E型前列腺素受体4对CCL4诱导的肝损伤小鼠肝组织肝纤维化相关蛋白表达的影响*

doi:10.3969/j.issn.1672-5069.2023.01.005

Abstract

Abstract: Objective This experiment aimed at exploring the role of E series of prostaglandin receptor 4 (EP4) on liver fibrosis-related protein expression in mice with CCL₄-induced liver injuries. Methods 30 C57BL/6N mice were randomly divided into control, CCL₄-intervened, and CCL₄ and E7046 conbination-intervened group, with 10 mice in each group. The liver injury model was established by CCL₄ intraperitoneal injection, with methylcellulose or EP4-specific antagonist, E7046 solution gavage. After 27 day experiment, the mice were sacrificed under anesthesia, and sera and liver tissues were obtained. The EP4 and α-SMA protein expression and their mRNA levels were detected by Western blot and real-time PCR. Serum alanine aminotransferase (ALT) and aspartate aminotransferase (AST) levels were measured by automatic biochemical instrument. The liver histopathological examination was performed by HE, Masson and Sirius red staining. Results The hepatic expression of EP4 protein in model mice increased greatly compared to in the control, while it decreased obviously in the combination-intervened mice compared to in the model; similarly, the EP4 encoded Ptger 4 mRNA level in the model group was (3.5±0.1), significantly higher than [(1.0±0.1), P<0.05] in the control, while that was (2.4±0.2) in the combination group, significantly decreased compared to in the model(P<0.05); serum ALT and AST levels in the model were (1753.5±328.6)U/L and (1586.2±204.1)U/L, much higher than in the control(P<0.05), while they decreased greatly in CCL₄ and E7046 combination group, e.g., [(885.9±269.6)U/L and (892.4±208.6)U/L, respectively, P<0.05]; the hepatic α-SMA expression in the model was stronger than in the control, while it became obviously weaker in CCL₄ and E7046 combination group, and the hepatic Acta2 and Col1a1 mRNA levels in the model up-regulated greatly compared to in the control, and also they became decreased in the CCL₄ and E7046-intervened group (P<0.05). Conclusion EP4 might play an pivotal role in CCL₄-induced liver fibrosis, which seem to be a target for ameliorating liver fibrosis.
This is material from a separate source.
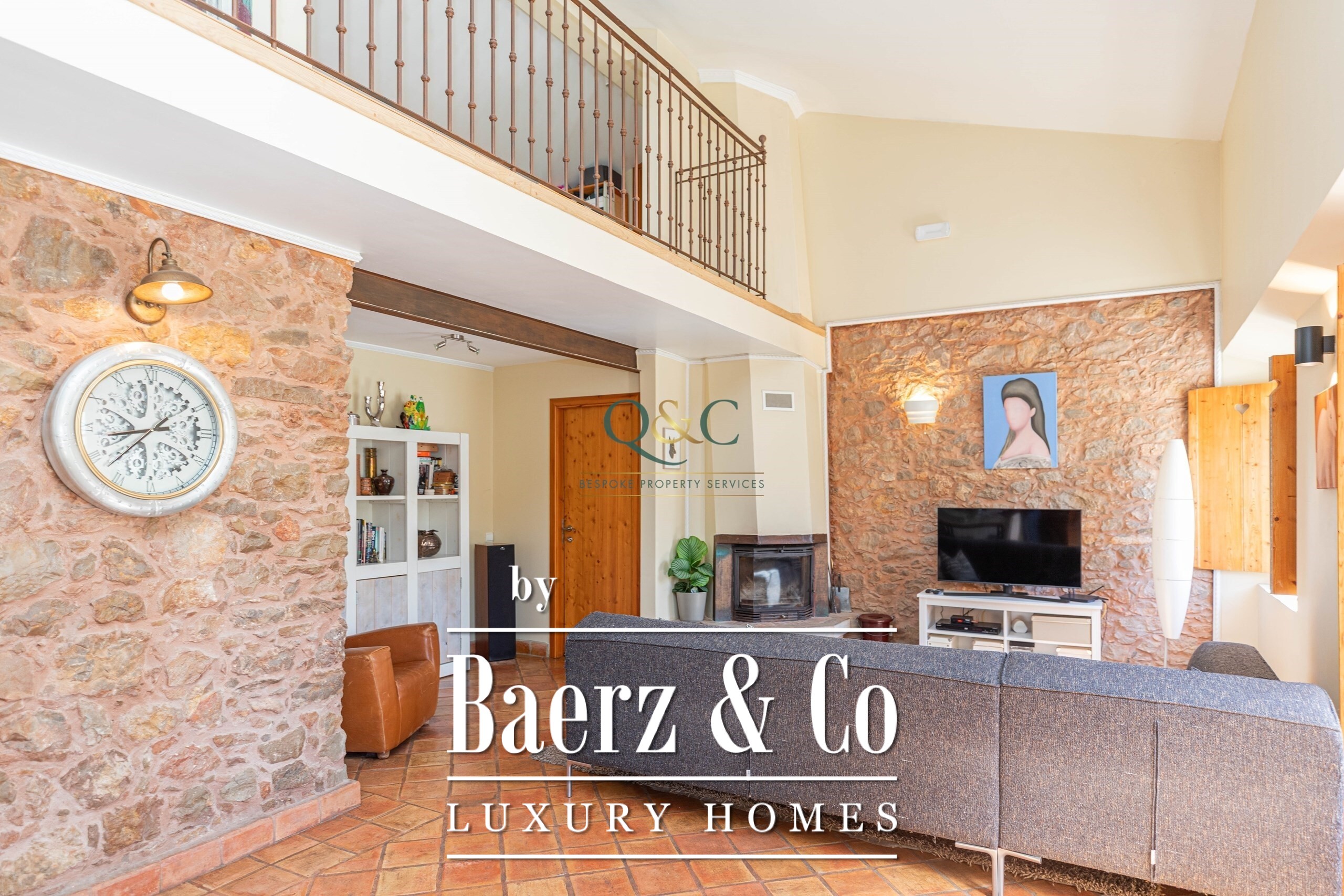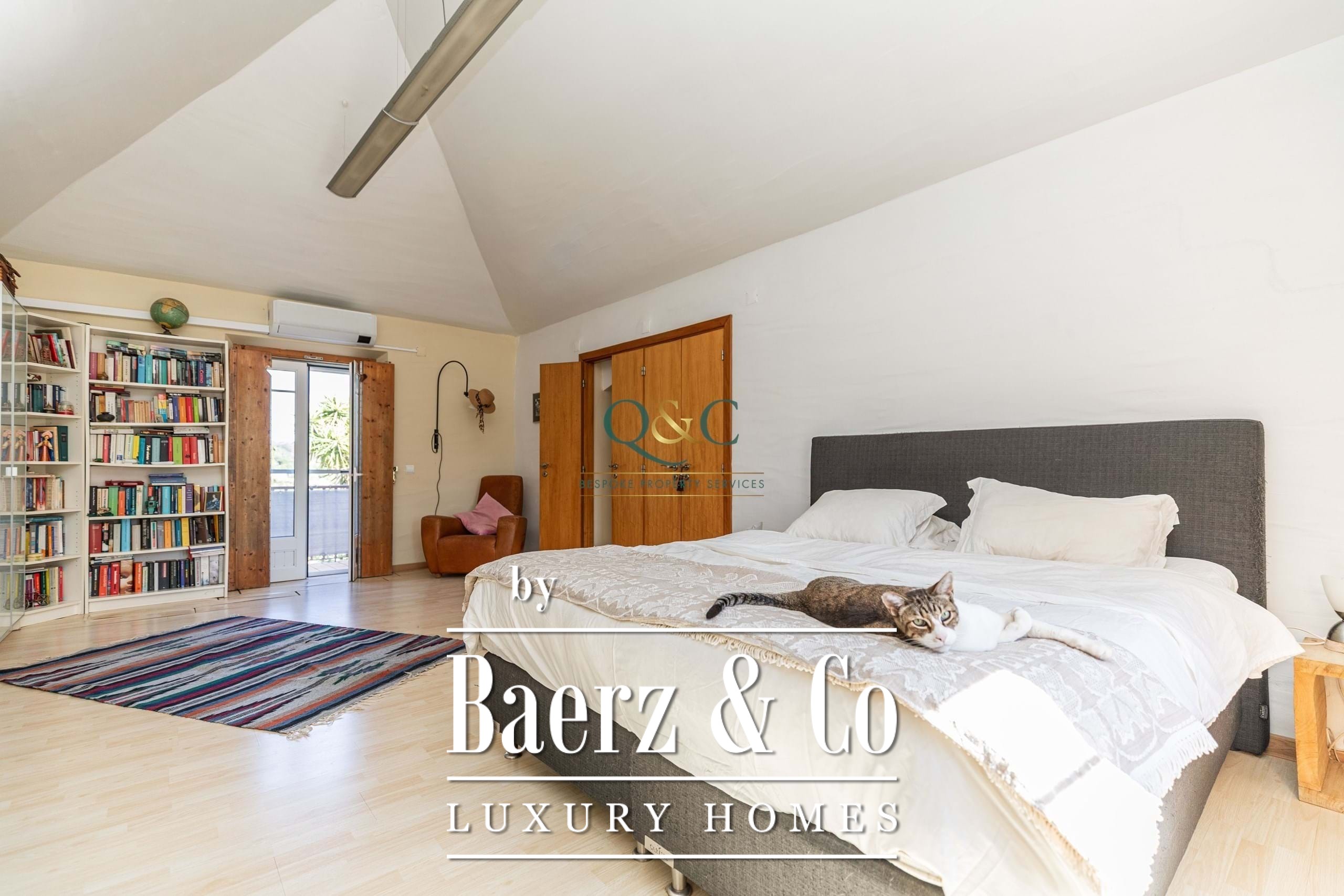The right wing offers another equipped kitchen, dining room and living room with a cosy fireplace, three additional bedrooms, three bathrooms and plenty of storage space. The high ceilings with natural stone details create an inviting space.

Key words: Liver fibrosis, Carbon tetrachloride, E-type prostaglandin receptor 4, Ptger 4 gene, Mice

Li Rui, Qin Qiushi, Zhang Yue, et al. Role of E series of prostaglandin receptor 4 on liver fibrosis-related protein expression in mice with carbon tetrachloride-induced liver injuries[J]. Journal of Practical Hepatology, 2023, 26(1): 15-18.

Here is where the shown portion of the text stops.